I’m happy to oblige.

When I’m fully seated, I stop, taking a moment to enjoy the tremors of aftershock as she pants and tries to force my hand from her clit.

“I’m all the way in. All the way inside your tight little hole. Are you ready to get your ass fucked, sweetheart?”

“I can’t…It’s too much—”

“You can and you will. You’ll take my cum too. I’m going to fill you up with my cum.”

And when I pull out and thrust back in, she lets out a loud moan, and arches her back. The words she’s saying are nonsensical. The only one I recognize is my own name.

Hades.

The name she gave me a breath on her tongue.

Her life’s breath.

God.

Fuck.

This woman. Fuck. Fuck me. I’m screwed.

Because I know what this is.

And as her walls throb again, I thrust deep inside her and still there. It’s like just then, in that moment, time is suspended. Stopping just for us and we’re both coming. She’s moaning my name, her cheek on the floor, eyes closed, one hand fisted, the other clawing at the carpet as I fill her up. As I empty inside her and I claim this other part of her. And all the while I know the truth, even if she doesn’t.
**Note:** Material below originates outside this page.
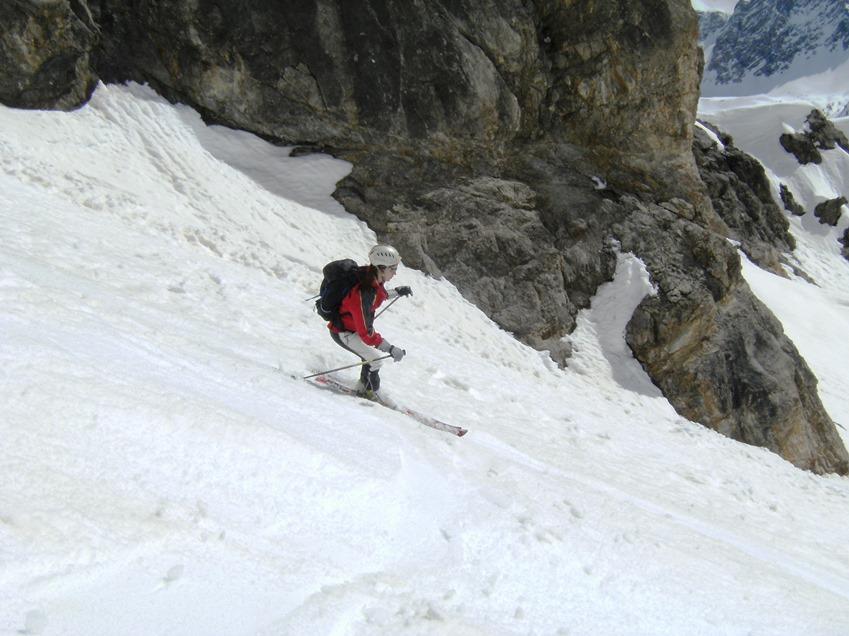Ravin di lusso. Sci dall’auto su stradina sempre innevata, risalita faticosa per mancanza traccia e caldo… come sempre nel Ravin. La neve è ancora abbondante, ma le pietre iniziano ad affiorare. I passaggi precedenti hanno lisciato una linea su neve vecchia che ormai non si molla più del giusto, permettendo anche la sciata non proprio mattiniera, anzi meglio tardare un po. Risultato moquette da cima a fondo senza neanche le gobbe dei passaggi precedenti, pietre evidenti da evitare e gran sciata sul velluto.Fuori dalla “pista” neve un po pesante e fonda, ma sempre sciabile . Oggi poca gente, tre francesi in tutto. Molti invece nelle gite del vallone, ottimamente innevato, allego foto della Pecè, che però mi dicevano in neve dura nel basso.Oggi altra iniziazione al ripido.

She owns a part of me. She always has.

No. That’s not it.

Persephone owns my fucking soul.

 

 

15

 

 

Persephone

 

 

How is it like this with him? How is everything different with him?
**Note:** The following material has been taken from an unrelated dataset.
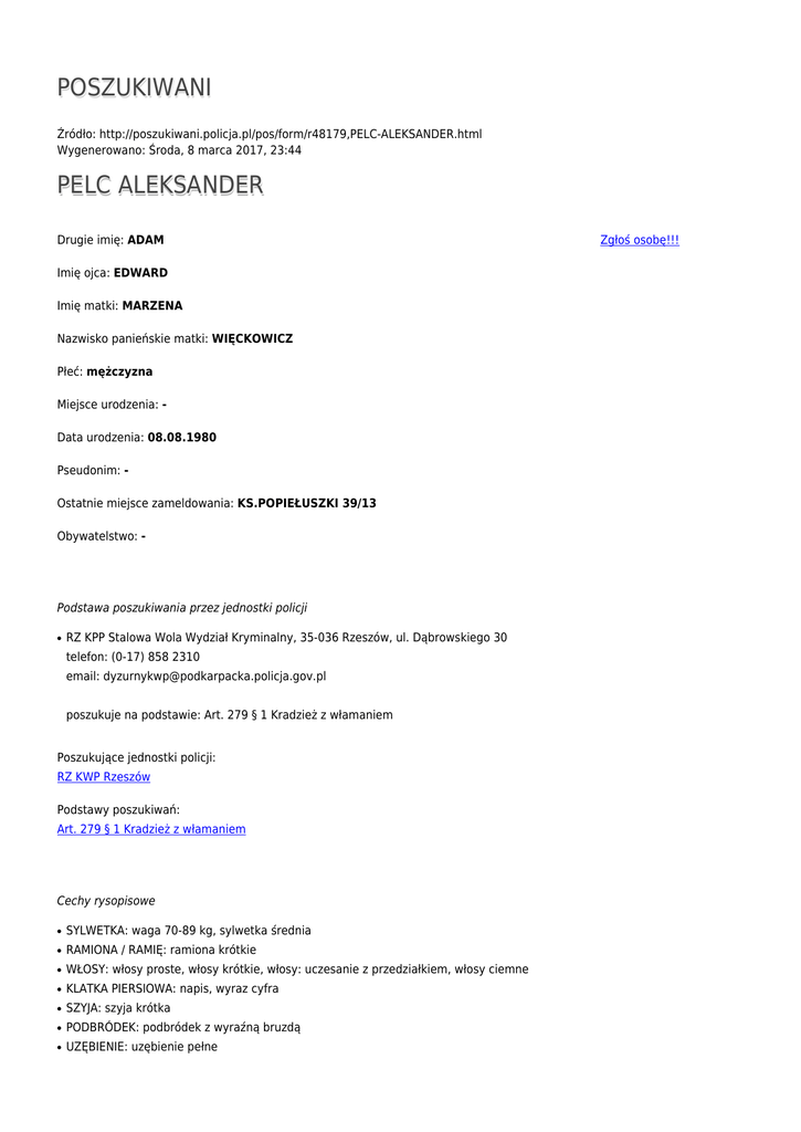 POSZUKIWANI Źródło: http://poszukiwani.policja.pl/pos/form/r48179,PELC-ALEKSANDER.html Wygenerowano: Środa, 8 marca 2017, 23:44 PELC ALEKSANDER Drugie imię: ADAM Imię ojca: EDWARD Imię matki: MARZENA Nazwisko panieńskie matki: WIĘCKOWICZ Płeć: mężczyzna Miejsce urodzenia: Data urodzenia: 08.08.1980 Pseudonim: Ostatnie miejsce zameldowania: KS.POPIEŁUSZKI 39/13 Obywatelstwo: - Podstawa poszukiwania przez jednostki policji ● RZ KPP Stalowa Wola Wydział Kryminalny, 35-036 Rzeszów, ul. Dąbrowskiego 30 telefon: (0-17) 858 2310 email: [email protected] poszukuje na podstawie: Art. 279 § 1 Kradzież z włamaniem Poszukujące jednostki policji: RZ KWP Rzeszów Podstawy poszukiwań: Art. 279 § 1 Kradzież z włamaniem Cechy rysopisowe ● SYLWETKA: waga 70-89 kg, sylwetka średnia ● RAMIONA / RAMIĘ: ramiona krótkie ● WŁOSY: włosy proste, włosy krótkie, włosy: uczesanie z przedziałkiem, włosy ciemne ● KLATKA PIERSIOWA: napis, wyraz cyfra ● SZYJA: szyja krótka ● PODBRÓDEK: podbródek z wyraźną bruzdą ● UZĘBIENIE: uzębienie pełne Zgłoś osobę!!! ● WARGI (USTA): wargi cienkie ● USZY / UCHO: uszy normalne ● NOS: kolor nosa naturalny, nos średni, nos prostolinijny, koniuszek nosa opuszczony ● POWIEKI / POWIEKA: kreska ● ŁYDKI / ŁYDKA: smok ● UDA / UDO: tygrys ● NOGI / NOGA: nogi krótkie ● OCZY / OKO: oczy wąsko rozstawione, oczy wpadnięte ● CZOŁO: czoło wysokie ● PALCE / PALEC: palce rąk grube, palce rąk krótkie, kropka ● DŁONIE / DŁOŃ: dłonie drobne ● NADGARSTKI / NADGARSTEK: napis, wyraz cyfra, napis, wyraz cyfra ● TWARZ: cera czerstwa, twarz pełna, tłusta, twarz okrągła, brak zarostu Wzrost: 166-170 CM Kolor oczu: NIEZNANE Tweetnij

He’s gentle after. He lifts me up and cradles me on his lap like I’m his most precious possession.

I lay my head against his warm chest and close my eyes. I listen to his heartbeat and let myself snuggle into the safety of his arms.

And like last night, I want to cry.

I don’t understand this confusion of emotion. This chaos inside my head. My heart.
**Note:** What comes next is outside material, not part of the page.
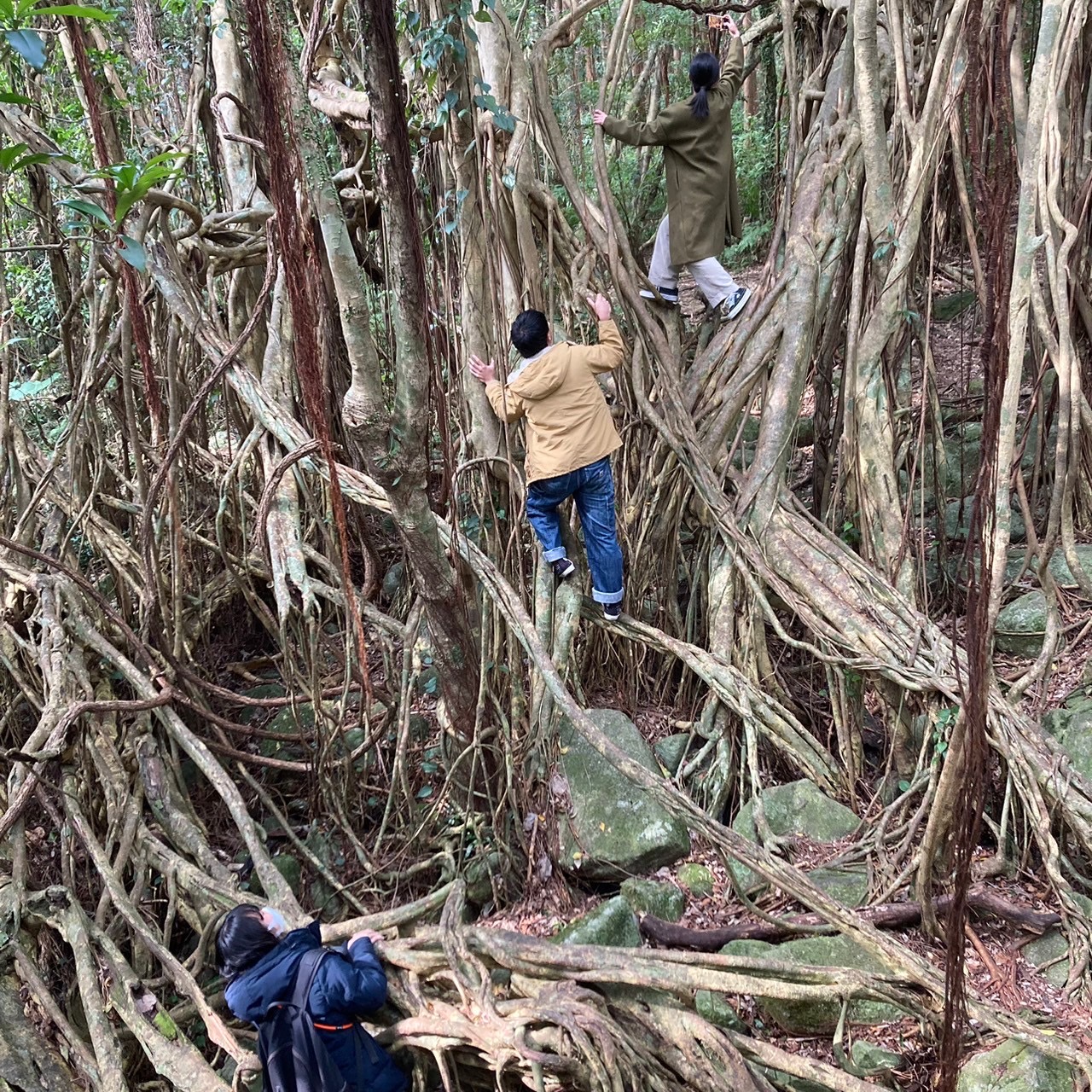 ガジュマルはかなり頑丈で、みんなで木登りができるほどでした!

He’s right. I don’t hate him. And it’s not just that that scares me. It’s that the opposite is true. It’s always been true. Maybe since that first day out on the curb when I was a kid.

And I know I’m fucked. I am well and truly fucked.

That’s exactly why I can’t do this. Why I can’t let him hold me. Why I can’t let him be gentle. Tender, even.

I can’t take comfort in his arms, or against his chest. I can’t feel protected. Safe.

I can’t.

I push away, look up at him.

He seems surprised but doesn’t speak. He studies me instead and I have to be careful because I think maybe I’m wrong. Maybe he’s not human.

He can’t just read my mind. I think he can see inside my soul.

“I don’t want Anna,” I blurt out.

“What?” He’s clearly taken aback.

“I don’t want a cook.”

My throat feels full, like the emotion is going to choke me. Like it’s going to cut off my oxygen and kill me.

I push away, try to stand, stumbling as I do with my jeans around my ankles.

He’s already got his pants up. I guess he took care of that after fucking me.

I bend to pull my jeans up while he gets to his feet. He disappears into a room I didn’t realize was there—another one of those doors flush with the wall like the elevator. I hear water running and a few moments later, he returns, drying his hands.

“Let me clean you,” he says.

I still feel him inside me, his cum inside me. And this insane, masochistic part of me, it wants that part of him.

Wants any part of him.

I shake my head, rub my face. “Where’s my coat?” I ask, snatching my purse from the couch.

“Persephone—”

“I need to go.” I swipe my hand over my eyes, hoping he thinks it’s just an itch. Not the tears I need to hide.

“What’s going on?” he asks.

I take a deep breath in, my gaze falling on the empty butter dish. I try not to think about what he did with that butter.